DATA SECTION →
>>>>>
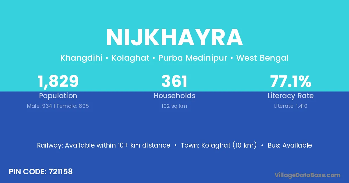Kolaghat (10 km) is the nearest town to Nijkhayra village for major economic activities and is located approximately 10 km away.
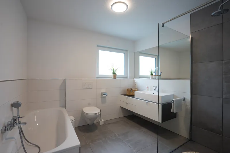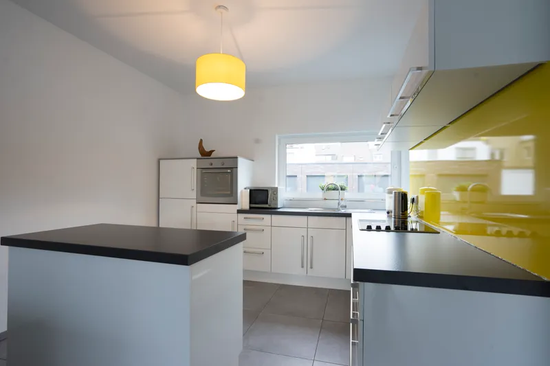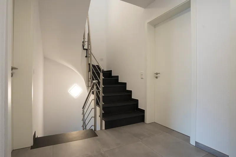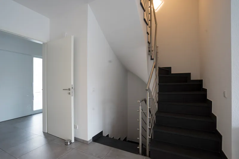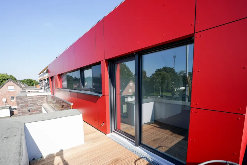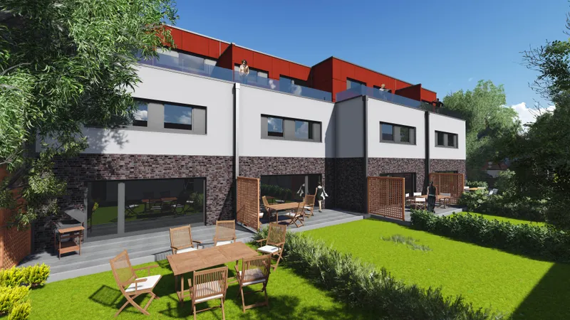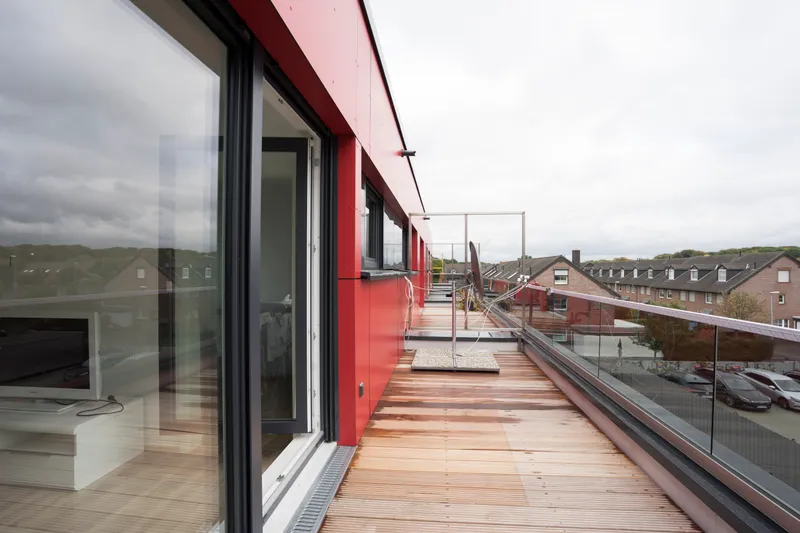 Sicherlich werden Sie so einige Highlights in dieser Neubau-Immobilie finden, der Penthouse-Bereich ist jedoch einfach der Knaller. Aber dazu später mehr. Fangen wir mit der Visitenkarte der Immobilie an - der Fassade und der Architektur. Hier prägen architektonische Linien und eine durchdachte und moderne Fassadengestaltung das Bild. Mit der Kombination aus einer massiven Klinkerfassade, der aufgelockerten Putzfassade und den farbigen Platten im Penthouse-Bereich wirkt das Gebäude wie ein Kunstwerk. Verteilt auf 4 Ebenen stehen Ihrer Familie neben den 147m² Wohnfläche, zusätzliche 51m² Nutzfläche im Kellergeschoss. Im Keller, hergestellt aus einer wasserundurchlässigen Stahlbetonkonstruktion, finden Sie neben dem Hauswirtschaftsraum, 2 weitere Räume für Ihre Hobbys. Neben dem großzügigen Wohn-, Koch- und Essbereich mit einem Gäste-WC im Erdgeschoss, verfügen Sie über 3 Schlafräume im Obergeschoss mit einem voll ausgestatteten Luxusbad und zusätzlichem Abstellraum. Zu meinem persönlichen Highlight kommen wir eine Etage höher. Hier entsteht ein Wohnparadies für Ihr Kind, den Beruf oder Ihr Hobby. Ein großes Schlafzimmer mit eigener Ankleide und eigenem Bad mit Dusche wird Sie begeistern. Als ob das nicht ausreicht, verfügt diese Ebene über einen eigenen Balkon auf der einen Seite des Hauses und einer Dachterrasse auf der anderen Seite.
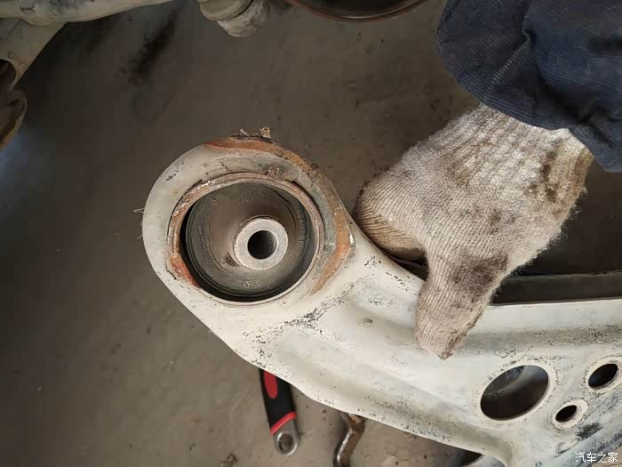 稍微烂点的路地盘咣啷咣啷的响 ,经过检查发现下支臂胶套脱出
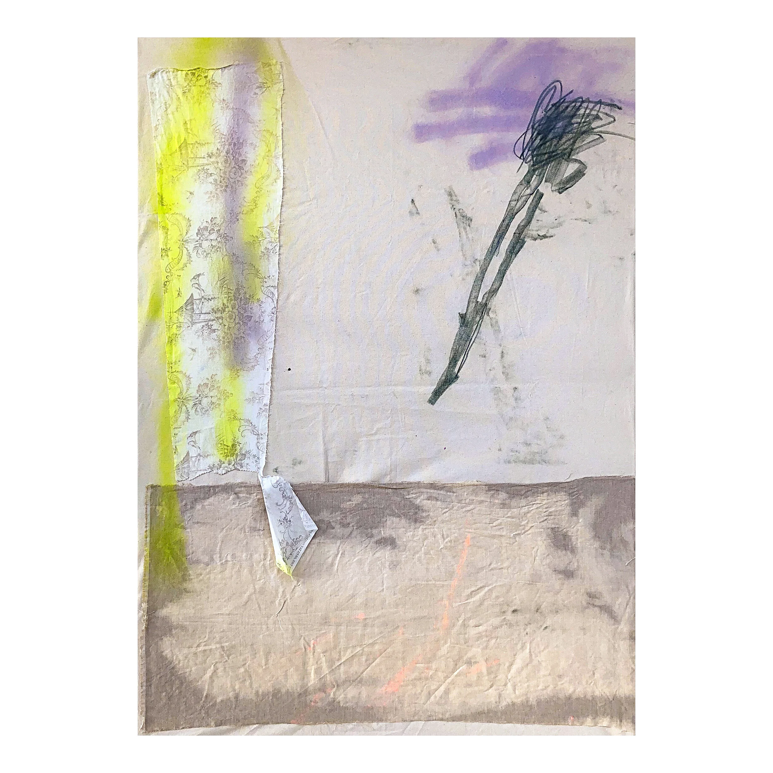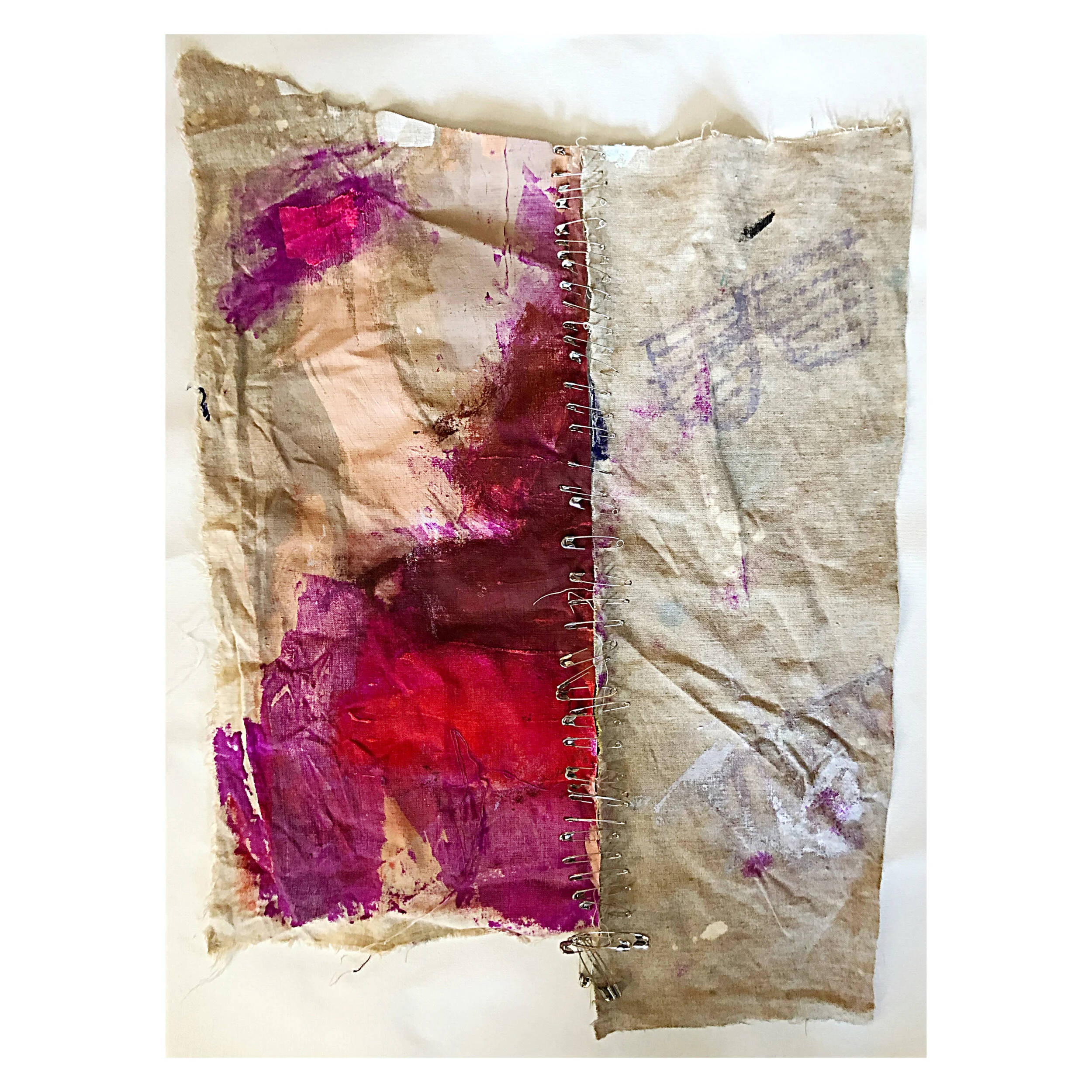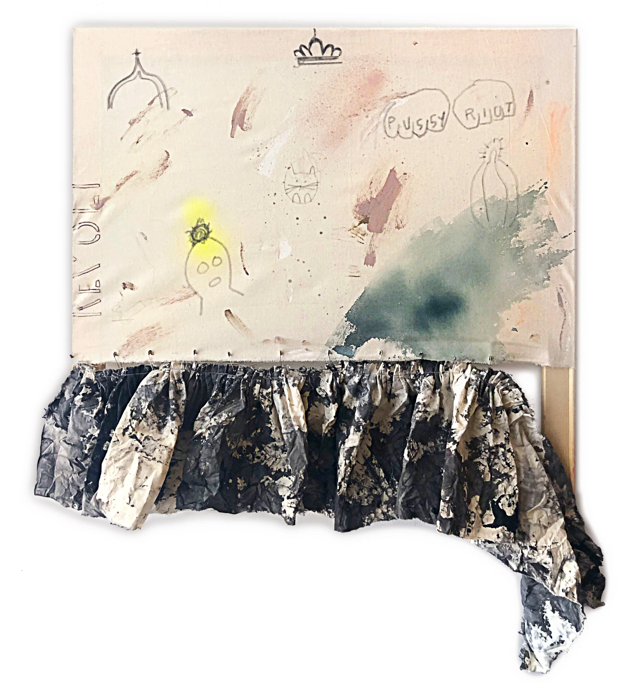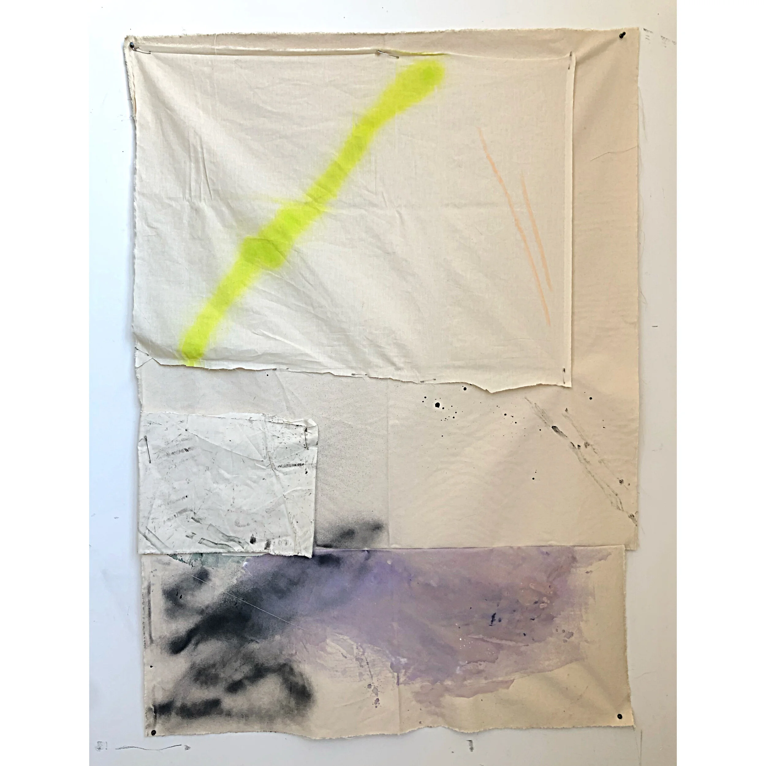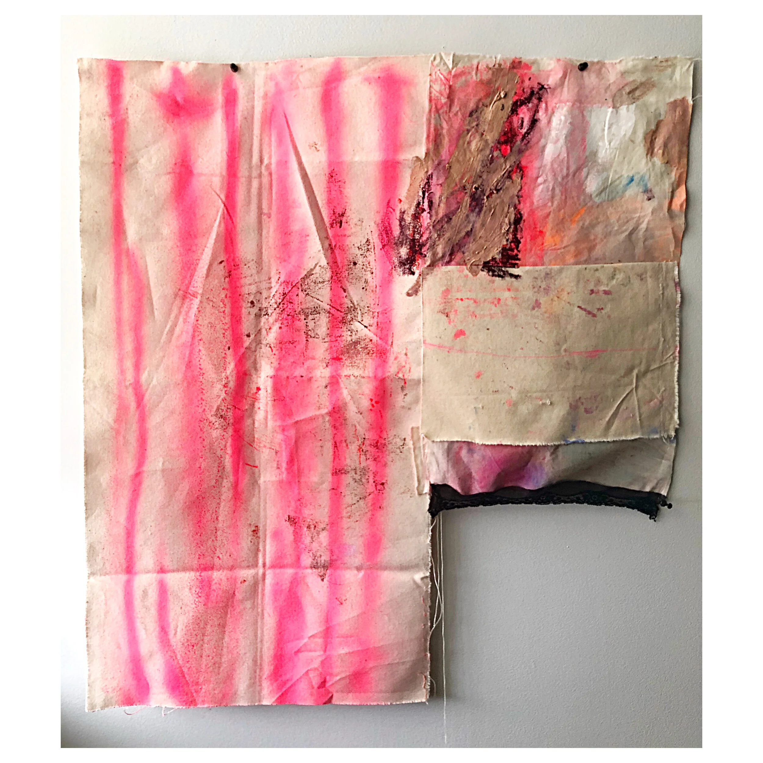 In this new body of work Iām thinking about Queer Utopias, subverting a heteronormative status quo dreaming of joyful futuristic spaces full of possibility. I use my identity as a queer feminist artist to examine the tension between material/emotion, and language/memory as I cut up old paintings and reconfigure them into something new. Mixing and experimenting with different materials, such as spray paint, bleach and safety pins, in addition to the inclusion of text and drawing allows for a tension and spontaneity in how they react to one another; a push-pull in exploring the visceral in the painterly.
<<<<<
WHAT IS NEEDED → Find the line with "稍微烂点的路地盘咣啷咣啷的响 ,经过检查发现下支臂胶套脱出" in the listing above, then write it out along with every later line through the last one, exactly, omitting pictures.

ANSWER BELOW →
 稍微烂点的路地盘咣啷咣啷的响 ,经过检查发现下支臂胶套脱出
 In this new body of work Iām thinking about Queer Utopias, subverting a heteronormative status quo dreaming of joyful futuristic spaces full of possibility. I use my identity as a queer feminist artist to examine the tension between material/emotion, and language/memory as I cut up old paintings and reconfigure them into something new. Mixing and experimenting with different materials, such as spray paint, bleach and safety pins, in addition to the inclusion of text and drawing allows for a tension and spontaneity in how they react to one another; a push-pull in exploring the visceral in the painterly.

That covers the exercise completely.